Endocrinology and Metabolism Service, Department of Internal Medicine, Hadassah-Hebrew University Medical Center, Jerusalem, Israel.
Department of Genetics and Institute for Diabetes, Obesity, and Metabolism, Perelman School of Medicine, University of Pennsylvania, Philadelphia, Pennsylvania.
Diabetes Obes Metab. 2017 Sep;19 Suppl 1(Suppl 1):147-152. doi: 10.1111/dom.13019.

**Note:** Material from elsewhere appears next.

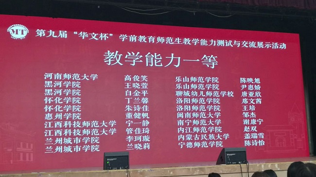教科学子在第九届“华文杯”学前教育师范生教学能力测试中获奖

While the β-cells of the endocrine pancreas are defined as cells with high levels of insulin production and tight stimulus-secretion coupling, the existence of functional heterogeneity among them has been known for decades. Recent advances in molecular technologies, in particular single-cell profiling on both the protein and messenger RNA level, have uncovered that β-cells exist in several antigenically and molecularly definable states. Using antibodies to cell surface markers or multidimensional clustering of β-cells using more than 20 protein markers by mass cytometry, 4 distinct groups of β-cells could be differentiated. However, whether these states represent permanent cell lineages or are readily interconvertible from one group to another remains to be determined. Nevertheless, future analysis of the pathogenesis of type 1 and type 2 diabetes will certainly benefit from a growing appreciation of β-cell heterogeneity. Here, we aim to summarize concisely the recent advances in the field and their possible impact on our understanding of β-cell physiology and pathophysiology.
虽然内分泌胰腺的β细胞被定义为具有高水平胰岛素产生和紧密的刺激-分泌偶联的细胞,但几十年来,人们已经知道它们之间存在功能异质性。近年来,分子技术的进步,特别是在蛋白质和信使 RNA 水平上的单细胞分析,揭示了β细胞存在于几种抗原和分子上可定义的状态。使用针对细胞表面标志物的抗体或使用质谱细胞术对超过 20 种蛋白质标志物进行的β细胞多维聚类分析,可以区分出 4 种不同的β细胞群。然而,这些状态是否代表永久性细胞谱系,或者是否可以从一种状态轻易转换为另一种状态,仍有待确定。尽管如此,对 1 型和 2 型糖尿病发病机制的未来分析肯定会受益于对β细胞异质性的日益认识。在这里,我们旨在简要总结该领域的最新进展及其对我们理解β细胞生理学和病理生理学的可能影响。